Отец собрал библиотеку почти из двух тысяч книг, включая самиздат и тамиздат. Регулярно ездил на книжный рынок – менялся, продавал, покупал. Когда его отправили на инвалидность, он сказал: «Наконец-то я вдоволь начитаюсь». И стал читать ночами, а днём отсыпался. Я к тому времени уехал из дома, и родители спали в разных комнатах. Однажды ночью отец пошёл в туалет, а может, на кухню попить водички. Упал в коридоре и умер от кровоизлияния в мозг. На поминках многие говорили: «Лёгкая смерть». Ну да, лёгкая, если не считать десяти лет болезни Паркинсона и житья на таблетках. Наверное, я прозвучу, как подонок, если скажу, что уход отца не стал для меня трагедией. Конечно, я сильно расстроился, но… боюсь, не так сильно, как должен был. И не только потому, что редко его видел. Тогда я не мог сформулировать этого, но теперь подозреваю, что мы – я, мать, сестра – значили в его жизни гораздо меньше, чем его работа, его альбомы и книги. Эту же мысль я нашёл в одном из последних писем от матери. Кстати, старшего брата у меня тоже не было.
Зачем я всё это рассказываю? Затем, что, разменяв сороковник, давно похоронив идеалы и иллюзии, я встретил человека, который мог бы быть моим отцом. Или старшим братом.
Мы жили тогда в эмигрантском квартале Веллингтона, недалеко от центра. Две высотки и десяток зданий пониже, набитых голытьбой и тунеядцами разных цветов. Раньше мы думали, что жить близко к центру – это престижно. В Зеландии всё оказалось наоборот. Квартиру слева занимал тихий наркоман, похожий на индейского вождя без перьев. Целыми днями он курил травку и читал Конфуция. Запах из его квартиры мне уже не перепутать ни с чем. Справа обосновался Эндрю, дезертир из Ливии. Узнав, что мы из России, неизменно звал в гости на портвешок. В армии Эндрю обучали русские инструкторы, о которых он сохранил теплейшие воспоминания. Попадались и бывшие соотечественники, в основном нарушители визового режима и «прыгуны» с кораблей. Почти все они чего-то ждали: одни – депортации, другие – статуса беженца или продления визы. Несмотря на то, что им платили пособие, многие халтурили налево – клинерами, разнорабочими, посудомойками в индийских тошниловках. Таким образом им удавалось заработать на адвокатов, которые помогали отсрочить депортацию, а после отсудить у правительства какую-нито визу. Парадоксальная страна.

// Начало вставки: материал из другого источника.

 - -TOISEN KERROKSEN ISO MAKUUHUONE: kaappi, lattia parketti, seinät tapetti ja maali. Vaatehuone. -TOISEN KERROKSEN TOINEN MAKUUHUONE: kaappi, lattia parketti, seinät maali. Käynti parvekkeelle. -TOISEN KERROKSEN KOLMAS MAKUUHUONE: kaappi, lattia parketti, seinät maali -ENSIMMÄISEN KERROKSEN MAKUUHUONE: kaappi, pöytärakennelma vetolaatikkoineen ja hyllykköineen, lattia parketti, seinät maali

Иногда русскоязычное комьюнити собиралось у кого-нибудь в гостях: выпить, поплакаться на жизнь, поматерить новозеландцев. Приглашали на эти сборища и нас с женой. Сценарий не отличался разнообразием: винегрет/оливье, голубцы/пельмени, дешёвая водка… надежда, мой компас земной… и юный Октябрь впереди. Раз возвращались с такой пьянки в компании молодого шалопая по имени Руслан. Ему было с нами по дороге. Говорили о том, что выпивки явно не хватило и неплохо бы добавить. Но – магазины закрыты, да и денег нет.

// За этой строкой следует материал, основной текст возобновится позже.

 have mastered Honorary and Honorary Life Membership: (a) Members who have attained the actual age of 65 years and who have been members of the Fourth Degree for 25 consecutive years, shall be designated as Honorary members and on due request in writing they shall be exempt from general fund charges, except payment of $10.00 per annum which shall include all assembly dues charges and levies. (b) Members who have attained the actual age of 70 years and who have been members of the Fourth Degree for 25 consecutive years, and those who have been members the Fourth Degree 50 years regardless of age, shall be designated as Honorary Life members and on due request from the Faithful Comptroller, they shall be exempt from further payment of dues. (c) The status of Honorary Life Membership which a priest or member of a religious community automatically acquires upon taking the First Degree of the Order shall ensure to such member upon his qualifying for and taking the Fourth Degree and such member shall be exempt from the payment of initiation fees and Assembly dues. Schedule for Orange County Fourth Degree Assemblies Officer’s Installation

– А пошли к моему отцу, – предложил Руслан, – он здесь в двух шагах, недавно переехал. У него может быть запас.
– Ну, как это мы заявимся к человеку в одиннадцать ночи? – возразила моя жена. – А вдруг он спит? Да и вам уже хватит.
– Это вряд ли. Он раньше двенадцати не ложится. Бухает в одиночку и смотрит всякую лабуду типа «Мимино». А то я своего отца не знаю? Сыграете ему бардов, он Визбора сильно уважает.
– Без проблем, – сказал я. – А как его зовут?
– Юрий Иванович.
Дверь в квартиру на седьмом этаже оказалась незапертой.
– Пап! Опять не закрываешь дверь? – крикнул Руслан.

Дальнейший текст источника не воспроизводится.